As already mentioned, the contention that Phillips had
panicked was an integral part of the Millers' case. In calling
Phillips as their own witness and questioning her about the
circumstances surrounding Gage's delivery, the Millers sought to
show that, upon discovering Gage's shoulder dystocia, Phillips,
already harried because of Gage's slowing heart rate, simply over-
reacted. At one point, the Millers asked Phillips: "As a matter of
fact, weren't you in a panic about saving this child from dying and
. . . in a hurry to get [the child] out, and you just got it out as
fast as you could, pulling on it?" At various other points, the
Millers questioned Phillips's experience in managing shoulder
dystocia and her knowledge of the proper techniques for resolving
the condition. The Millers asked Phillips to acknowledge that,
since Gage's birth, she had "discussed this [case] with your
experts on how it's supposed to be done"and had read various books
and articles discussing the proper management of shoulder dystocia.

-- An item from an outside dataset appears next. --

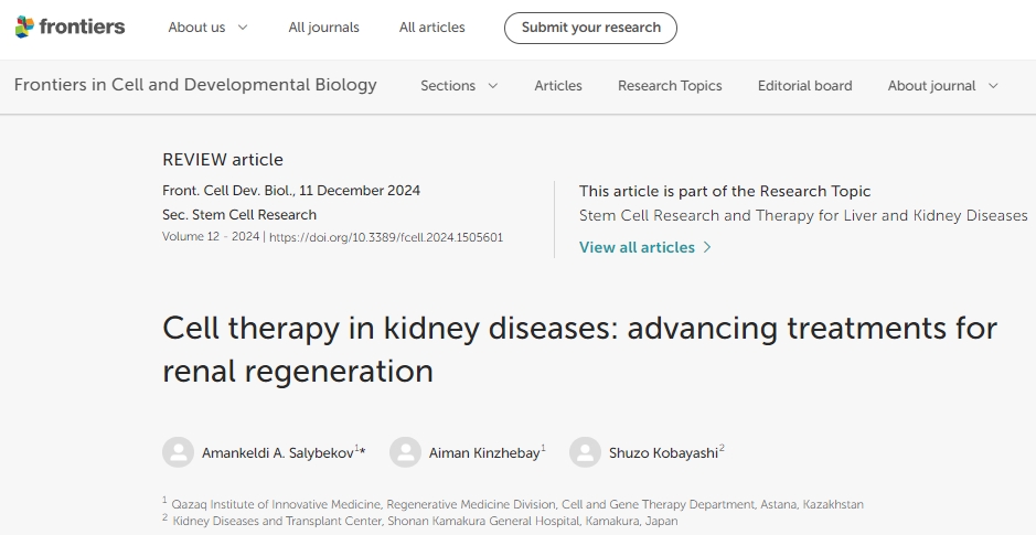 近日,期刊雜志《Frontiers in Cell and Developmental Biology》發表了一篇“Cell therapy in kidney diseases: advancing treatments for renal regeneration”的期刊綜述。該綜述全面概述了腎臟疾病細胞療法的現狀,追溯了從臨床前研究到臨床應用的進展[1]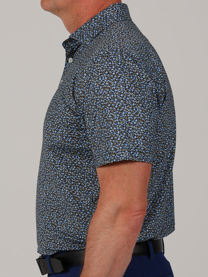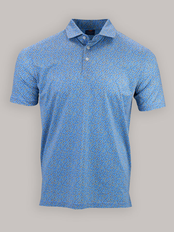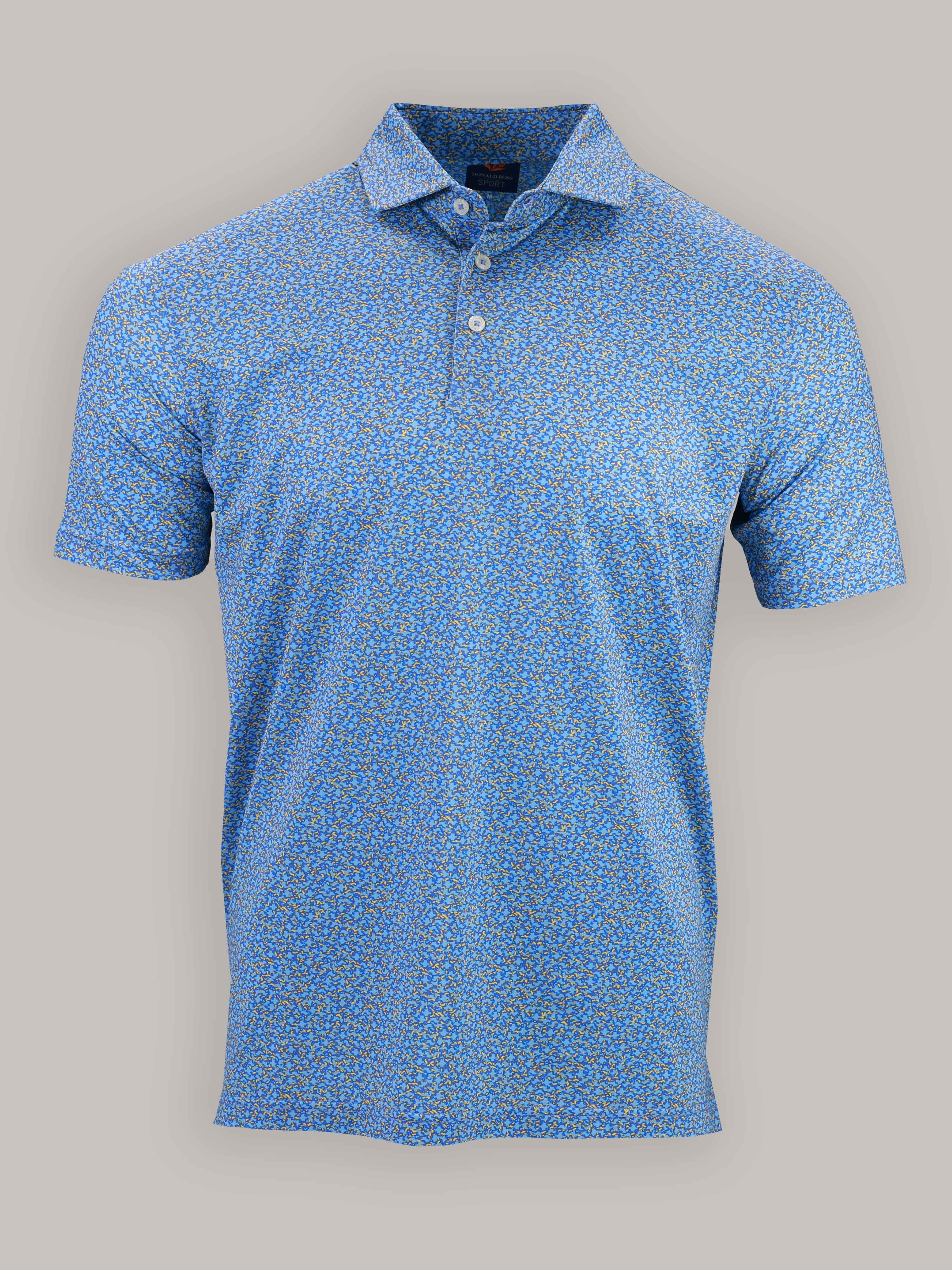 Description : Stay cool, sharp, and course-ready with the Bryce Performance Jersey Golf Polo. Engineered for performance and elevated style, this men’s golf polo features a camouflage print and is crafted from a premium 91% polyester / 9% spandex blend for lightweight comfort and durability. Built with four-way stretch fabric, this polo moves with you—whether you're swinging on the course or heading into the clubhouse. The performance jersey knit offers exceptional breathability, moisture management, and a smooth hand feel, while UPF 50 sun protection keeps you shielded during long days outdoors. Designed with a classic three-button placket and a sophisticated spread collar, this polo brings a polished yet sporty look to your golf wardrobe. Backed by lifelong satisfaction, it's a piece you'll reach for round after round.

They pressed her to concede that her version of events at trial was
inconsistent with the one she had given in her delivery-room notes,
where she wrote that she had resolved Gage's dystocia "with
Throughout this line of questioning, the Millers
suggested that Phillips did not know the proper treatment for
resolving shoulder dystocia when Gage was born, that she had
reviewed the techniques after Gage's delivery, and that she had
applied her newfound knowledge to concoct the self-serving,
exculpatory version of events she presented at trial. In short,
the clear implication of the Millers' questioning was that
Phillips's trial testimony was a recent fabrication.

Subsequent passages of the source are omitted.